Instead of being the most glamorous month of the royal year, June is distinctly lacking in pomp and circumstance in 2021 because lockdown restrictions are still in place. The Garter ceremony has again been cancelled, Trooping the Colour is scaled down to a much smaller event at Windsor Castle and because Royal Ascot falls the week before lockdown is scheduled to end that too will be quite different.
There will still be the usual top-class racing, but the public attendance will be considerably reduced, while the colourful royal procession along the course will be dependent on circumstances as they unfold. The traditional pre-racing lunches the Queen holds at Windsor Castle on all five days racing will certainly not take place because of government guidelines, so I am doubtful that the horses and carriages which take Her Majesty’s honoured guests to the racecourse will be used.
The Duke of Cambridge is the lucky one this year: his 39th birthday is on 21 June, the day that all restrictions are due to be lifted in England and things return to relative normality. No doubt the Duchess of Cambridge and some of William’s friends will give him a party he will not forget in a hurry.
When Princess Charlotte had her sixth birthday, during the first May bank holiday weekend, the family were in Norfolk and could only give her a small party, as her father later revealed.
‘Last year it was her birthday in lockdown but this year we were able to have one other family over. They grow up very fast. It was great fun.’
The new portrait of Charlotte in a pretty floral dress with her hair worn long and loose was taken by her mother. Catherine’s expertise with a camera means she can get brilliantly candid shots of her children. This is because they are not being photographed by a stranger and either showing off or being shy, as children are apt to do.
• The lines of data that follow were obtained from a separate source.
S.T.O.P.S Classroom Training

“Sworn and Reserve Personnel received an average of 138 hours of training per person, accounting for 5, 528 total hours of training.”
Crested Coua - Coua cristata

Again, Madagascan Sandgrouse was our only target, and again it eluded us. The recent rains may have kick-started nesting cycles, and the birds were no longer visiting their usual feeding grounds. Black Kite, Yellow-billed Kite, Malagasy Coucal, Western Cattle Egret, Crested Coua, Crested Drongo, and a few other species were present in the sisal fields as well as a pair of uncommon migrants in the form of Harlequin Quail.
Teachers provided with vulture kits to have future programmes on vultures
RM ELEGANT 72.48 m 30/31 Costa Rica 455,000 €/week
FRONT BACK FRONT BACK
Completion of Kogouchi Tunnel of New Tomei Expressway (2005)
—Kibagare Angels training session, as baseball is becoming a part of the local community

The official images usually appear on the Duke and Duchess of Cambridge’s Twitter and Instagram platforms, but on Charlotte’s birthday last month William was boycotting social media for the weekend. As President of the Football Association, he joined the entire football community as part of a social media blackout in a stand against racism and abuse online.
While Prince Harry was greeted like a rock star during a concert in Los Angeles to raise money for global vaccines, back in the UK his father was thanking the Welsh Guards at their barracks in Windsor for the part they played in Prince Philip’s funeral.
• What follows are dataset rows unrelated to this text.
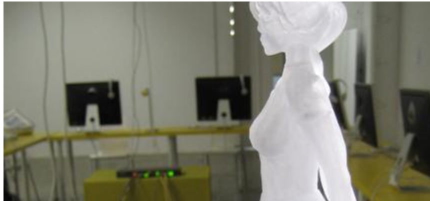
Figure 1. Wanderingfictions Story as part of the Meta-Dreamer project at the Golden Thread Gallery, Belfast (2009) Digital Object.

This paper presents a framework for what is termed 'the emergent imagination' (developed through a recent PhD thesis) that arises out of the transitional spaces created in avatar-mediated online space; and argues that the conditions for 'the emergent imagination' are best generated where the experience of space is heterogeneous and where the plasticity of time-space relationships is articulated.
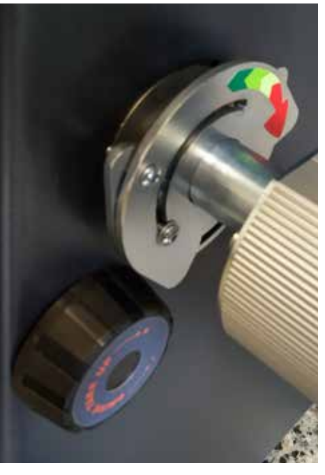
Brakes and slip clutches for all axles
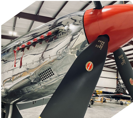
North American TF-51D Exhaust Plugs

Engine Inlet Plugs are custom fit for your North American Mustang P51 intakes, made with heavy-duty vinyl material, and stuffed with a single block of sculpted urethane foam. Each plug has a zipper that allows the foam to be removed and dried if necessary. Engine plugs have warning flags that are visible from the cockpit or 'remove before flight' streamers sewn onto the face of the plugs. Most plugs are imprinted with the aircraft registration number in black for an extra charge. Storage bag NOT included. Engine plugs may be inserted after flight when the engine is still warm. Engine Inlet Plugs are commonly referred to as Cowl Plugs, Intake Plugs, Cowl Blocks, Engine Blocks, and Engine Bungs.
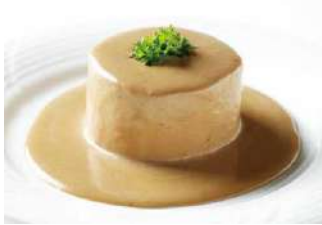
Plaza Building M2F Izakaya / Bar
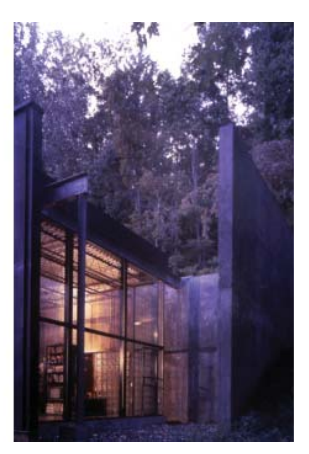
Parcel X North Garden, Virginia 1994

Meanwhile, the Duke and Duchess of Cambridge launched their own YouTube channel in a bid to appeal to younger fans by providing glimpses of what royal duties entail. The brief video, introduced by the couple from Sandringham, shows flashes of their working and private lives accompanied by hip-hop music. Although Prince William has spoken out about the perils of social media, he realises it is one of the best ways to reach the wider audience that the monarchy will need to survive in the 21st century.